• WHAT TO PRODUCE
Omit the images and output every line of the data below exactly.

• RECORDED DATA
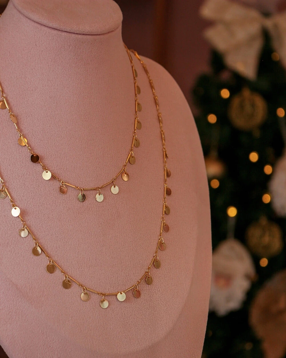 O choker fica mais rente ao pescoço, trazendo um efeito iluminado com suas mini medalhas polidas que refletem a luz de forma delicada.
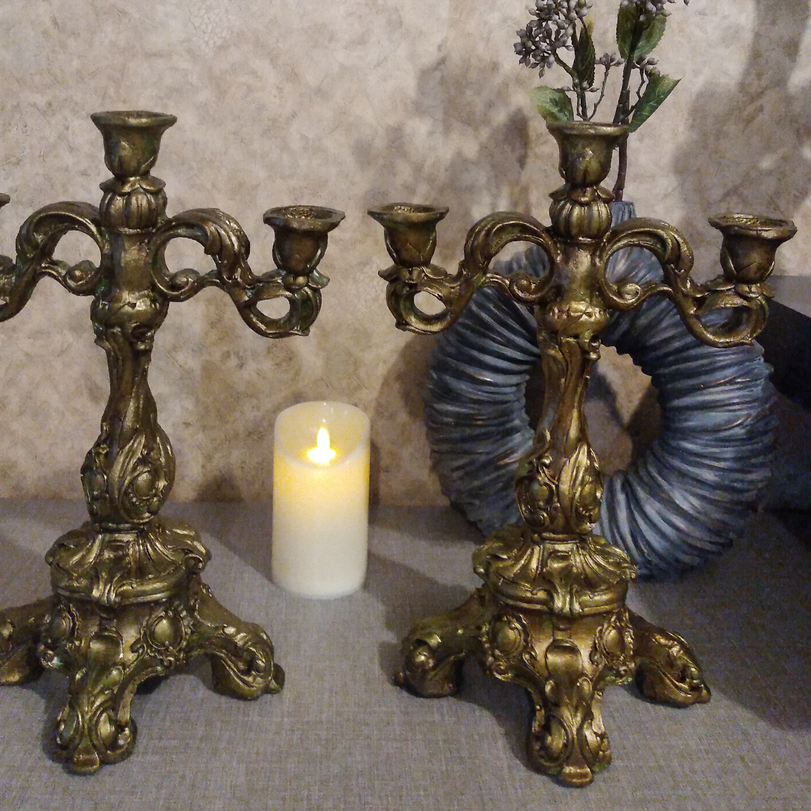 ست دوتایی شمعدان رومیزی پلیاستر پتینه شده
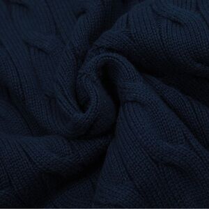 Chic navy cardigan with cable knit design. Button-up front with iconic logo accent. Ideal for stylish layering.
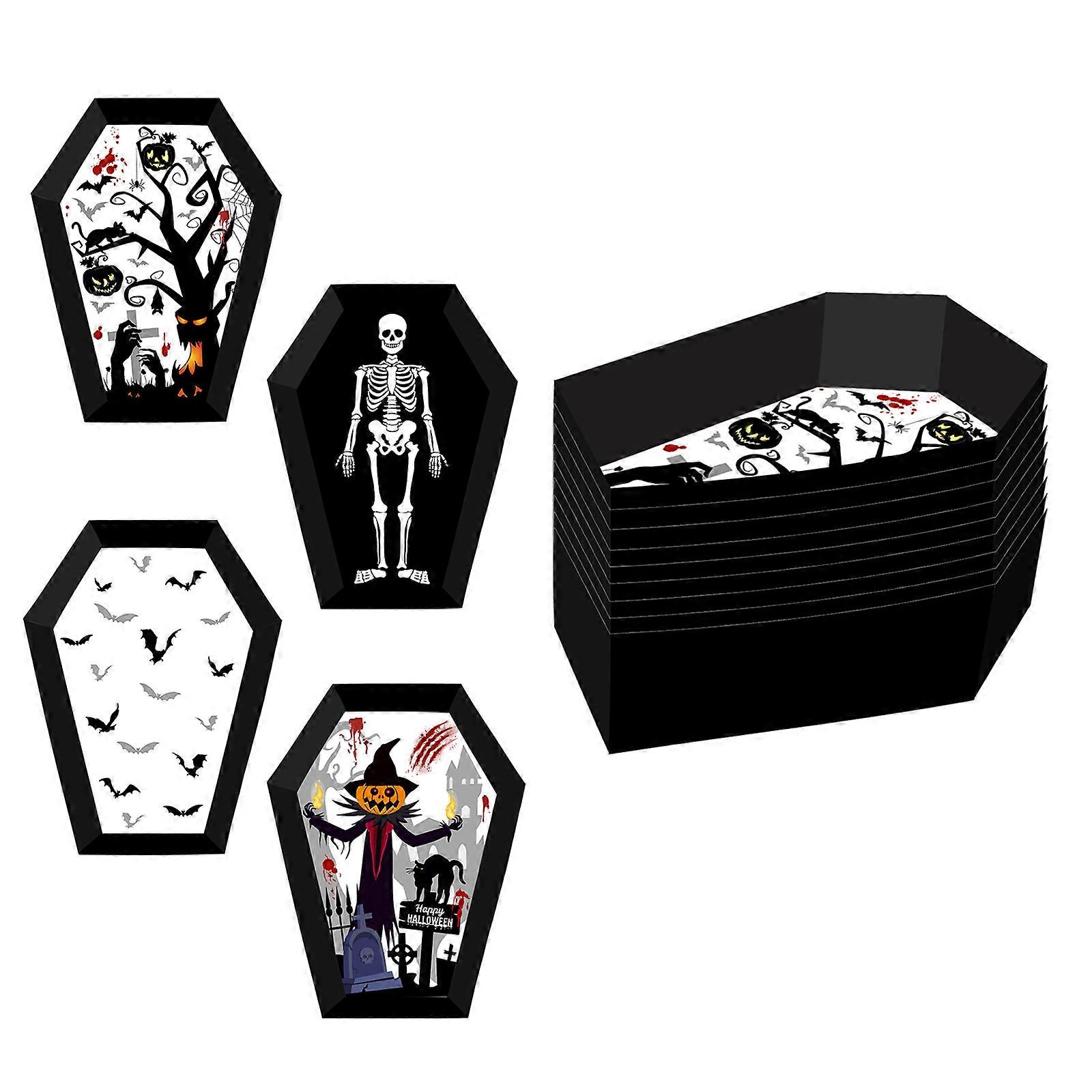 Kids Friendly Halloween Coffin Trays 12 Pack Not Toxic Cardboard Bat Pumpkin Design Party Decoration Supplies Multicolor
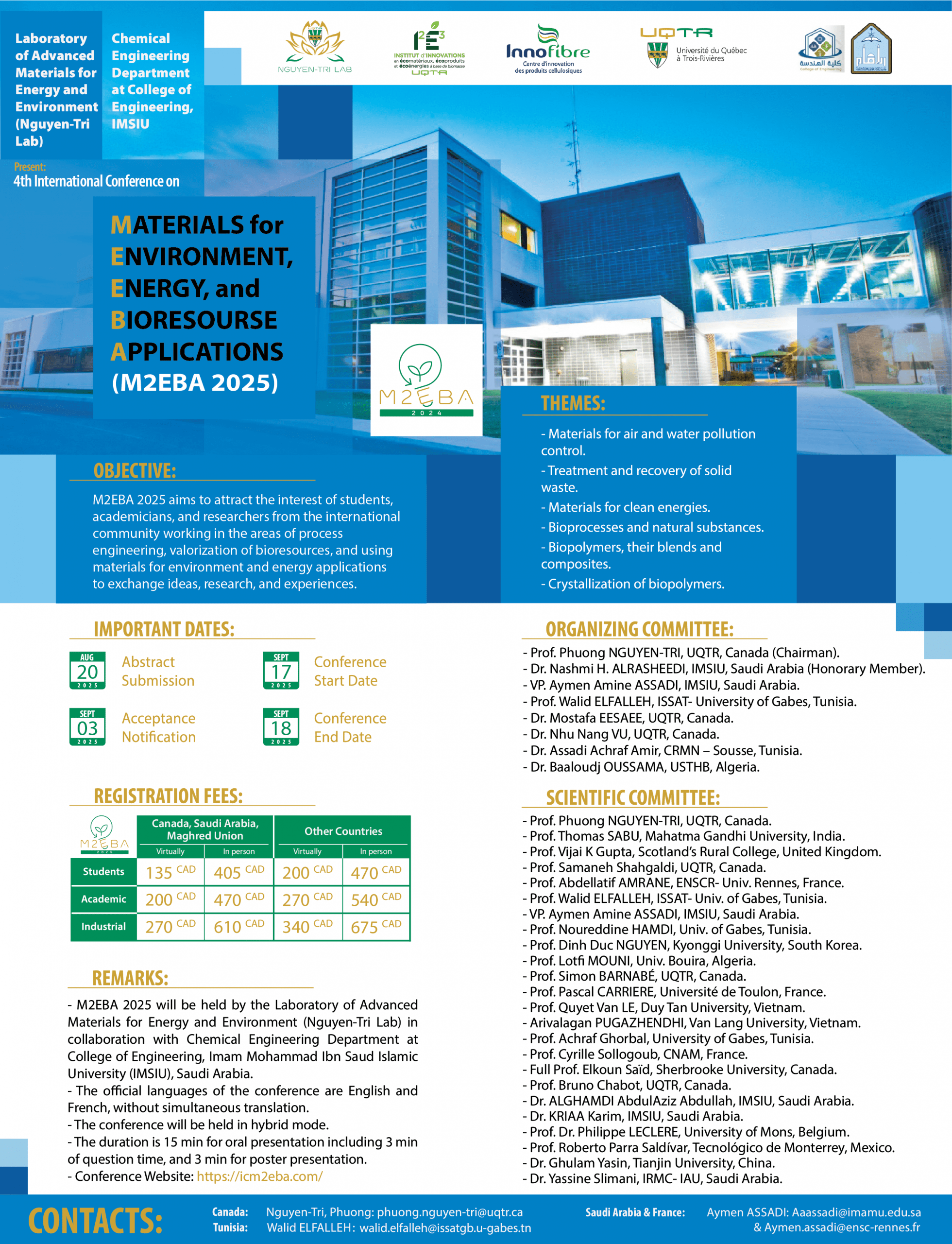 You are invited to submit your manuscript at any time before the submission deadline. For any inquiries about the appropriateness of contribution topics, please contact Phuong Nguyen-Tri via Phuong.Nguyen-Tri@uqtr.ca.

• RESULT
 O choker fica mais rente ao pescoço, trazendo um efeito iluminado com suas mini medalhas polidas que refletem a luz de forma delicada.
 ست دوتایی شمعدان رومیزی پلیاستر پتینه شده
 Chic navy cardigan with cable knit design. Button-up front with iconic logo accent. Ideal for stylish layering.
 Kids Friendly Halloween Coffin Trays 12 Pack Not Toxic Cardboard Bat Pumpkin Design Party Decoration Supplies Multicolor
 You are invited to submit your manuscript at any time before the submission deadline. For any inquiries about the appropriateness of contribution topics, please contact Phuong Nguyen-Tri via Phuong.Nguyen-Tri@uqtr.ca.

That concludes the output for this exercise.